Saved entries

::::::::::

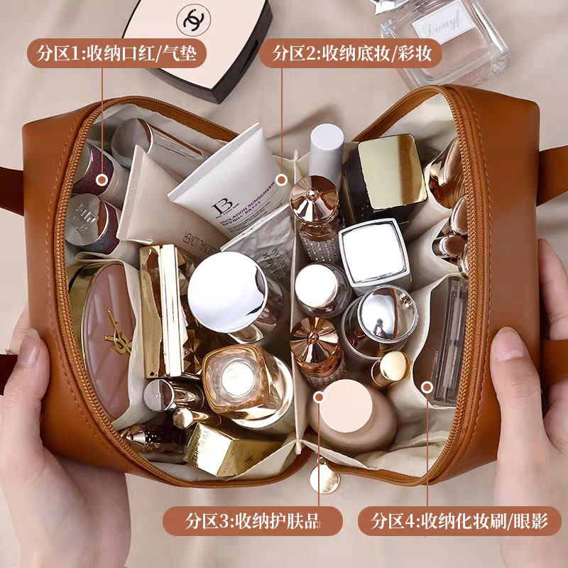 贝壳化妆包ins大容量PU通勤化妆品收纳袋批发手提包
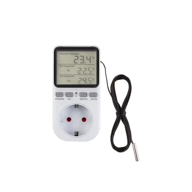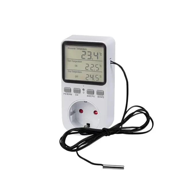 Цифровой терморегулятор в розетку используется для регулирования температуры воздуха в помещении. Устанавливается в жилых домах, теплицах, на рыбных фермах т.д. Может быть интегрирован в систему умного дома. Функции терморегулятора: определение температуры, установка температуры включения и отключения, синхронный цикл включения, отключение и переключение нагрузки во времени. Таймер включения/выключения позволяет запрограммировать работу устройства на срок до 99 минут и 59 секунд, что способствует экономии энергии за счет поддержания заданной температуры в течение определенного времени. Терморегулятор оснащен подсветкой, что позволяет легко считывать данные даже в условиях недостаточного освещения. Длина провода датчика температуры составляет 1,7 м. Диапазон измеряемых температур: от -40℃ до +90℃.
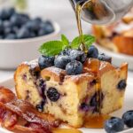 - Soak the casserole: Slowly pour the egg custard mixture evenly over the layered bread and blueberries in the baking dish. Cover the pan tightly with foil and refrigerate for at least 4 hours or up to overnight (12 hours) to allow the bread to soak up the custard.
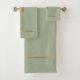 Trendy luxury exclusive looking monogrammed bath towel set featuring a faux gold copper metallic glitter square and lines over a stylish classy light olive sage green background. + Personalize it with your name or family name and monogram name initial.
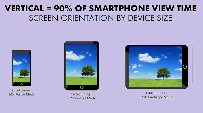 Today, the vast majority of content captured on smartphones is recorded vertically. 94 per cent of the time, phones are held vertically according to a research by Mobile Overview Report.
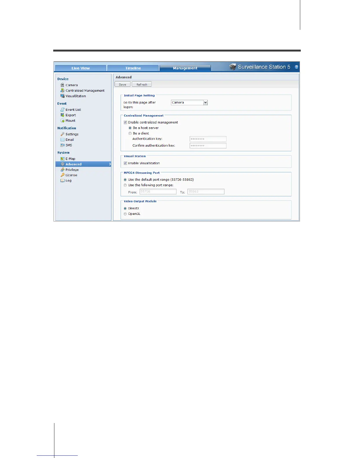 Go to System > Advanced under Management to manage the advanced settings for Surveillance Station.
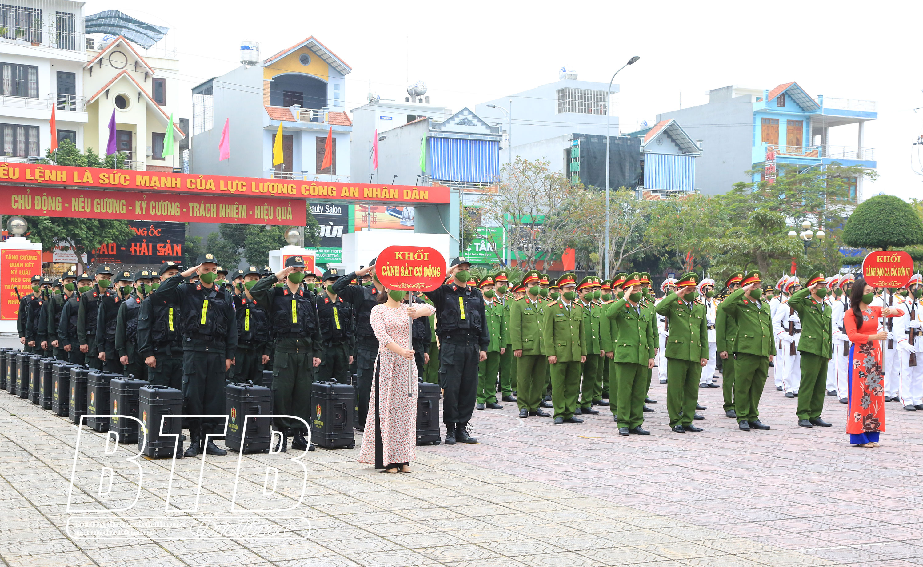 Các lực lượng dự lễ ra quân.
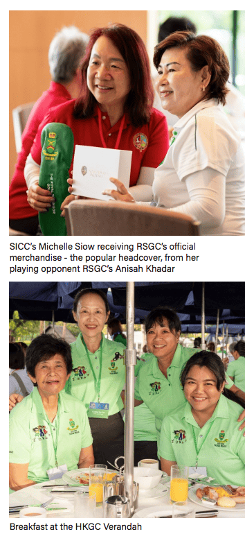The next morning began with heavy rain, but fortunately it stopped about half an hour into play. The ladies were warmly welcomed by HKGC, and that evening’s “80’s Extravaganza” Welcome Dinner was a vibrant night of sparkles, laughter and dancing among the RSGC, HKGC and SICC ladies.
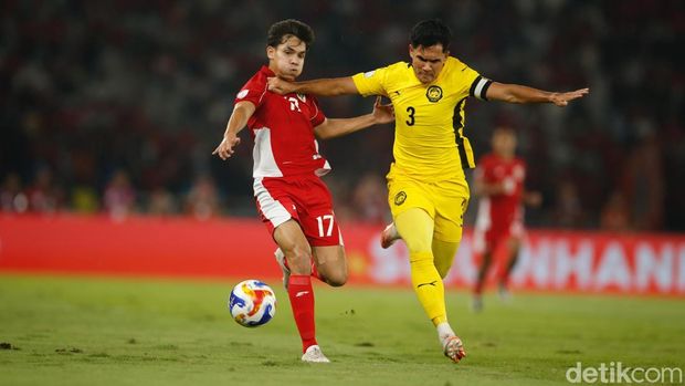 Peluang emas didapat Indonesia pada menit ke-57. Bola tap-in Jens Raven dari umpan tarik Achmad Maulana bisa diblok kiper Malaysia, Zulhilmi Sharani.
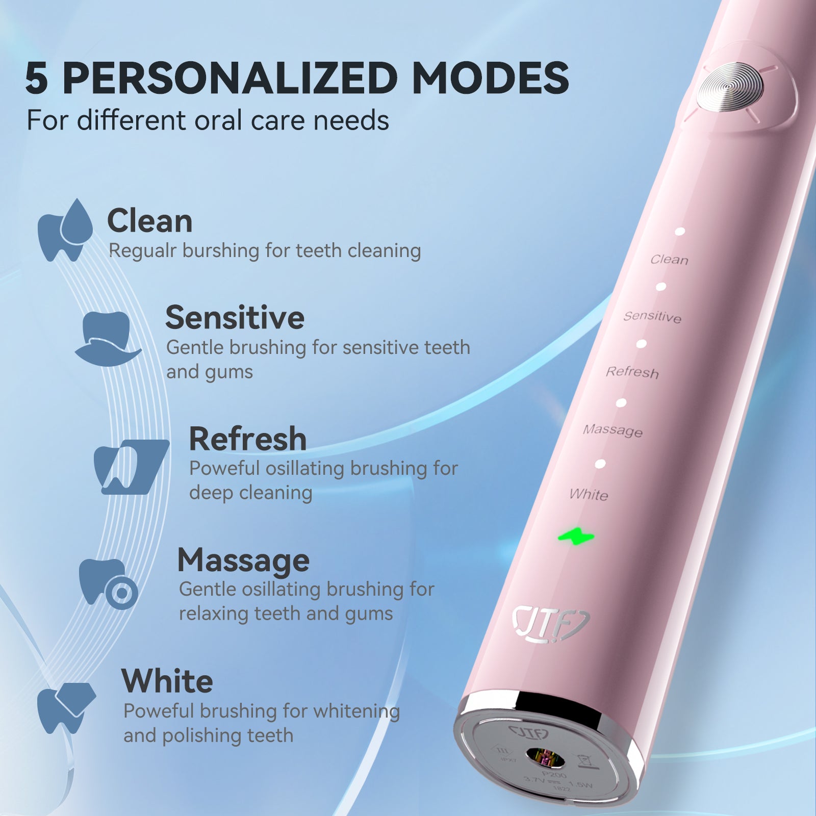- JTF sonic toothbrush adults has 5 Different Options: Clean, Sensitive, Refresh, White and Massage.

::::::::::

→ THE TASK
A faithful copy of every record is required, with no pictures included.

→ EXERCISE RESPONSE
 贝壳化妆包ins大容量PU通勤化妆品收纳袋批发手提包
 Цифровой терморегулятор в розетку используется для регулирования температуры воздуха в помещении. Устанавливается в жилых домах, теплицах, на рыбных фермах т.д. Может быть интегрирован в систему умного дома. Функции терморегулятора: определение температуры, установка температуры включения и отключения, синхронный цикл включения, отключение и переключение нагрузки во времени. Таймер включения/выключения позволяет запрограммировать работу устройства на срок до 99 минут и 59 секунд, что способствует экономии энергии за счет поддержания заданной температуры в течение определенного времени. Терморегулятор оснащен подсветкой, что позволяет легко считывать данные даже в условиях недостаточного освещения. Длина провода датчика температуры составляет 1,7 м. Диапазон измеряемых температур: от -40℃ до +90℃.
 - Soak the casserole: Slowly pour the egg custard mixture evenly over the layered bread and blueberries in the baking dish. Cover the pan tightly with foil and refrigerate for at least 4 hours or up to overnight (12 hours) to allow the bread to soak up the custard.
 Trendy luxury exclusive looking monogrammed bath towel set featuring a faux gold copper metallic glitter square and lines over a stylish classy light olive sage green background. + Personalize it with your name or family name and monogram name initial.
 Today, the vast majority of content captured on smartphones is recorded vertically. 94 per cent of the time, phones are held vertically according to a research by Mobile Overview Report.
 Go to System > Advanced under Management to manage the advanced settings for Surveillance Station.
 Các lực lượng dự lễ ra quân.
The next morning began with heavy rain, but fortunately it stopped about half an hour into play. The ladies were warmly welcomed by HKGC, and that evening’s “80’s Extravaganza” Welcome Dinner was a vibrant night of sparkles, laughter and dancing among the RSGC, HKGC and SICC ladies.
 Peluang emas didapat Indonesia pada menit ke-57. Bola tap-in Jens Raven dari umpan tarik Achmad Maulana bisa diblok kiper Malaysia, Zulhilmi Sharani.
- JTF sonic toothbrush adults has 5 Different Options: Clean, Sensitive, Refresh, White and Massage.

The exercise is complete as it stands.